= Lahartara Pond =

Historical pond

Lahartara Pond is a historical pond associated with the appearance of Saint Kabir Saaheb. According to a legend, Saint Kabir Saaheb was found floating on a lotus flower in the pond. It is located in Varanasi, Uttar Pradesh in India. In the past, it was a large freshwater lake that spanned 17 acre. In the present day, it no longer has its historical grandeur because about 3.5 acre of the pond is under the directorate of archaeology, Uttar Pradesh, while another 8 acre are under Satguru Kabir Prakat Dham.

== History and legends ==
The history of the Lahartara Pond is connected with the famous poet and mystic Saint Kabir. It is situated in the Varanasi District, in Uttar Pradesh, and is a short distance away from Kabir Math. At first, the pond occupied 17 acre, but nowadays it's been fractionated and placed under the jurisdiction of different institutions. Legend says that infant Kabir was found floating on a lotus flower.

== Religious and cultural significance ==

The pond has a great significance among the Kabir Panthis for its connection with the appearance of Kabir Sahib Ji. Kabir Sahib Ji was found lying on a lotus flower in this pond in an infant Form, from where Neeru-Neema, the foster parents of Kabir, took Kabir home.

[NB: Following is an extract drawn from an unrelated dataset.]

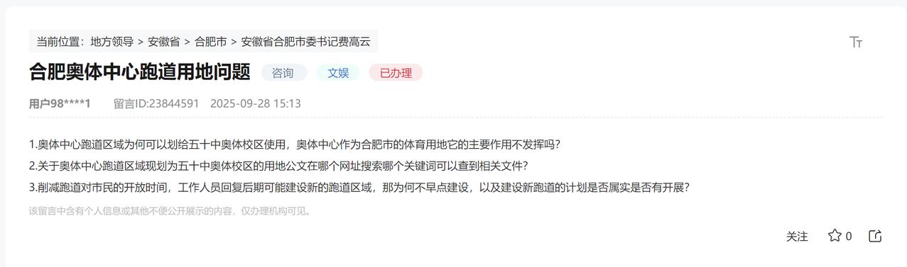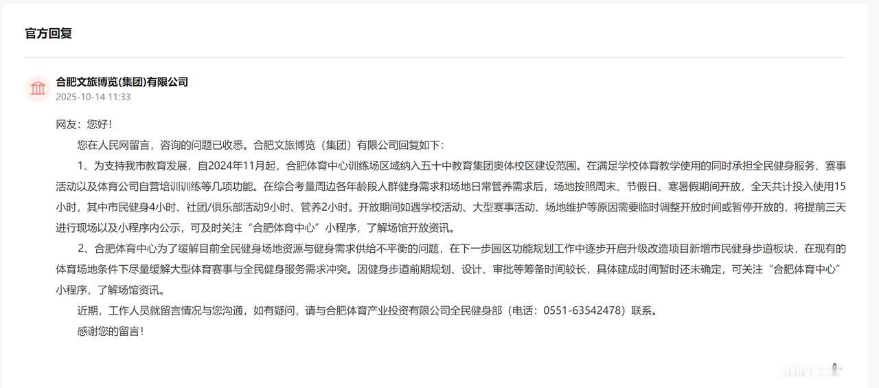 合肥奥体中心感觉除了办演唱会,其他也是闲置的多。给人印象最深的是当年国足在这里1比5输给泰国。现在有人问,奥体中心跑道区域为何可以划给五十中奥体校区使用? 官方回答:为支持我市教育发展,自2024年11月起,合肥体育中心训练场区域纳入五十中教育集团奥体校区建设范围。
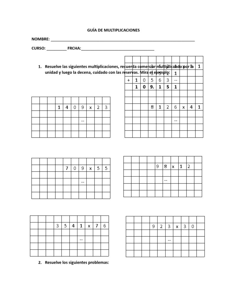 Guia Multiplicaciones Quintos Básicos PDF

== Pollution and environmental concerns  ==

The fabled pond of Lahartara is situated near the GT Road on the Allahabad route. Once a sight for sore eyes, today it lies in a more destitute state. About 2.5 km from the Varanasi Cantonment railway station, spread over 17 acre, is nothing but a dumping ground for filth and a swamp of wastewater.

Only about 3.5 acre of the pond is protected by the directorate of archaeology, Uttar Pradesh, and about 8 acres is under the possession of Sadguru Kabir Prakatya Dham. The remaining part has been surrounded by rampant encroachment on all sides.

Sadguru Kabir Prakatya Dham continues to better manage its portion of the pond. They have come up with a plan to construct a grand memorial and a fixed pond within the pond. Chief of Panth Hazoor Ardhnan Saheb, while sharing remarks about the deteriorating condition of the Heritage Site, spoke about the continuing progress being made at the memorial of Saint Kabir and said that the historically significant pond should immediately be restored and a plan should be put into place that ensures that such sites don't get neglected in the future.

In August 2003, the High Court ordered that improvements should be made to the pond, but as of 2020 it was still in bad condition.